The Healing Improvisation of Hair


If you undo your do you would
be strange. Hair has been on my mind.
I used to lean in the doorway
and watch my stony woman wind
the copper through the black, and play
with my understanding, show me she could
take a cup of river water,
and watch it shimmy, watch it change,
turn around and become ash bone.
Wind in the cottonwoods wakes me
to a day so thin its breastbone
shows, so paid out it shakes me free
of its blue dust.
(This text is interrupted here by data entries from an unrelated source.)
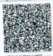
姜纯友的年检二维码.png

本证书经检验合格，继续有效一年。 This certificate is valid for another year after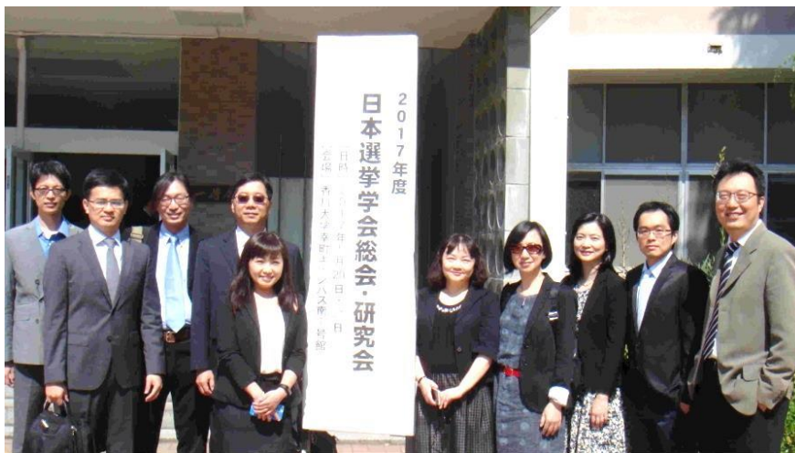
選舉研究中心成員赴日參加2017年日本選舉學會年會。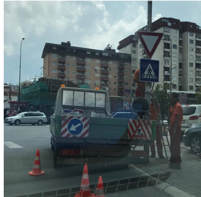
Furnizimi dhe vendosja e shtyllave antiparking për lirimin e hapësirave publike, rregullimi dhe mirëmbajtja e shenjave të komunikacionit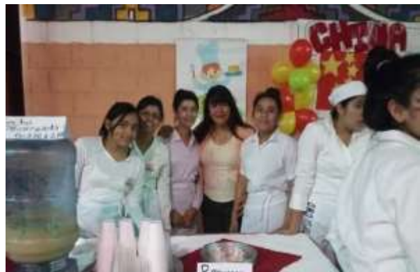
Figura 20. Alumnos de 3ro. Básico

Llegué a las 10:00 de la mañana a la exposición y venta de comida que se realizó en el salón de usos múltiples, empezaron todos a organizar la actividad. Ordenaron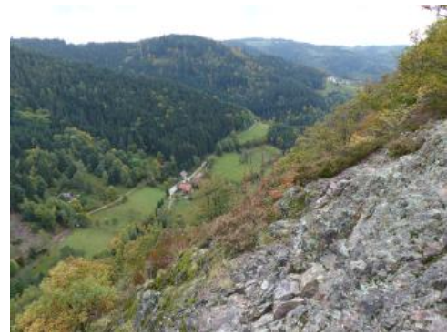
Gottschlägtal und Karlsruher Grat bei Ottenhöfen im Schwarzwald

Das Gottschläggebiet besteht überwiegend aus Quarzporphyr (Rhyolith), der zu Beginn des Perms vor etwa 296 bis 302 Mio. Jahren entstand (Grünberg-Quarzporphyr). Während des Rotliegend wurde damals saures vulkanisches Magma gefördert, das als Tuff, Ignimbrit oder Deckenerguss zum Ausbruch kam. Die zerklüftete Felspartie des Karlsruher Grats stellt den Rest einer gewaltigen Spalteneruption dar, die auf über 4 km Länge und bis 750 m Breite mächtige Ergussmassen hinterlassen hat. Es ist eine urtümliche und bizarre Landschaft, die nach Norden etwa 90 m und nach Süden ca. 180 m tief abfällt. Der riffartige Kamm des Karlsruher Grats mit seinen schroffen Steilabfällen hebt sich deutlich von den abgerundeten Berghängen, Rücken und Kuppen des benachbarten Granitgebiets ab.

I will arrange
that river water, bottom juice.
I conjure my head in the stream
and ride with the silk feel of it
as my woman bathes me, and shaves
away the scorn, sponges the grit
of solitude from my skin, laves
the salt water of self-esteem
over my feathering body.
How like joy to come upon me
in remembering a head of hair
and the way water would caress
it, and stress beauty in the flair
and cut of the only witness
to my dance under sorrow's tree.
This swift darkness is spring's first hour.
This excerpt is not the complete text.